As process nodes shrink, it’s become increasingly difficult for the major semiconductor foundries to offer compelling advantages at each new node. TSMC recently disclosed some additional information about how it intends to build 20nm chips using double patterning. The technique, while vital to constructing processors at this node, comes with some significant costs.
For nearly a decade, TSMC, GlobalFoundries, and Intel have collectively relied on argon-fluoride (ArF) lasers to etch microprocessor wafers. These lasers generate light at 193nm, deep in the ultraviolet range, and have been instrumental in driving the semiconductor industry from 90nm geometries down to 28nm. Unfortunately, 193nm light has reached its effective limit – transistor densities below 28nm are simply too small for 193nm light to etch.
How double patterning works
In single pattern lithography, a wafer is covered with a light sensitive material, known as a photoresist. Light is then streamed through a patterned photomask (a template of the chip, essentially). The light strikes the photoresist and changes the chemical properties of the material. The wafer is then bathed in a chemical solution, which washes away the areas the light touched.
This process is repeated multiple times, and the end result is (hopefully) a microprocessor.
When the silicon features become too small relative to the wavelength of light being used to etch them, however, the defect density skyrockets. Double patterning – using two photomasks, each with half of a pattern – can correct this, as shown below.
There are multiple types of double patterning and it can be used in different ways, which is why you may have heard the term before. Intel adopted it for critical areas at 45nm, when the rest of the industry was pushing immersion lithography. Then, at 32nm, TSMC and GlobalFoundries began using some double patterning, while Intel went with immersion lithography. What’s changing for TSMC at 20nm is that the company is adopting what’s called double pattern/double etch (2P2E).
(The below image shows the same cell area built with single exposure, double exposure, and double patterning. Note how the feature size and regularity improves at each step).
The big-picture takeaway from TSMC’s announcement is that while double patterning is already in use at 28nm, it’s going to be significantly more important at 20nm. Driving up the number of manufacturing steps per wafer slows down total production and increases cost, both in terms of wafers per hour and the additional tools required for the double patterning.
GlobalFoundries is also making greater use of double patterning at 20nm. Intel, meanwhile, uses the technique to a limited degree at 22nm, but has avoided the need to adopt it as widely. Chipzilla is expected to adopt double patterning at 14nm, with TSMC and GF bringing FinFET to market sometime in 2016. Long term, everyone is hoping to get extreme ultraviolet (EUV) lithography off the ground, for reasons that this next graph makes obvious.

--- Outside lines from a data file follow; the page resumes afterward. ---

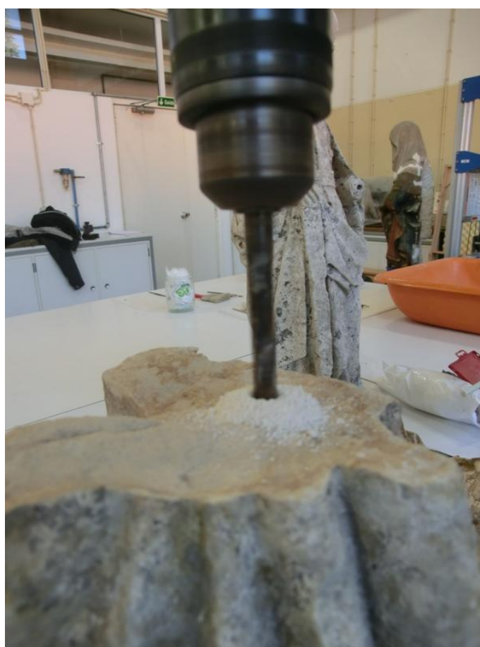
Imagem 22 - Perfuração para aplicação de espigão de reforço
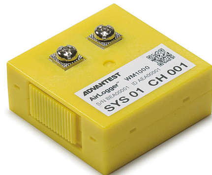
温度測定ユニット(実物大)
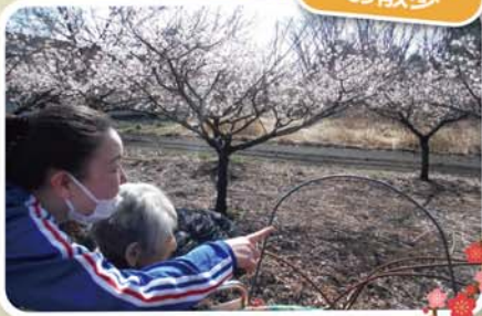
梅の花がキレイでした♪
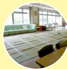
福祉避難所として、地域で 特別に支援を必要とする人々を 守ります
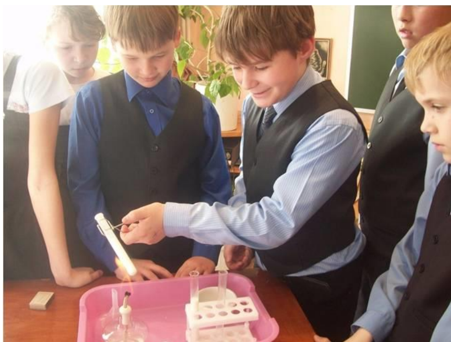
Рис.5. Изучаем состав молока

С особым интересом посещаем торговые предприятия: изучаем их ценовую политику в условиях конкуренции; составляем наборы продуктовых корзин для потребителей различных категорий; сопоставляя возможности и потребности, учимся оценивать собственные экономические действия в качестве потребителей. Не забываем и о том, что продукты, которые мы употребляем, должны быть экологически чистыми, качественными. С большим интересом проводим опыты и тестирование продуктов питания, учимся определять их сроки годности, наличие в них консервантов и красителей (рис.5).

EUV’s wavelength, at 135nm, allows for single patterning again – at least, for a little while. At 7nm, double pattern EUV may be required, but that’s far enough ahead that Intel can afford to push it back. The biggest problem with double patterning, in the end, is that it’s very much an interim solution. We were never supposed to get stuck on 193nm for as long as we have; Intel was researching 157nm lithography when it began deploying 193nm back in 2003. Problems with scaling and production ultimately killed 157nm, EUV lithography faces serious ramp issues, and none of the alternative lithography approaches have proven commercially viable.
If EUV can’t be brought online in the near future, the major semiconductor manufacturers will be talking about quad-patterning by 14-16nm – and that’s enough of a cost increase that it could seriously damage the foundry model altogether. As the number of patterns increases, the chance of a mistake in mask-switching is higher, and with the space between transistors shrinking, even a tiny mistake will cause unsustainable defects.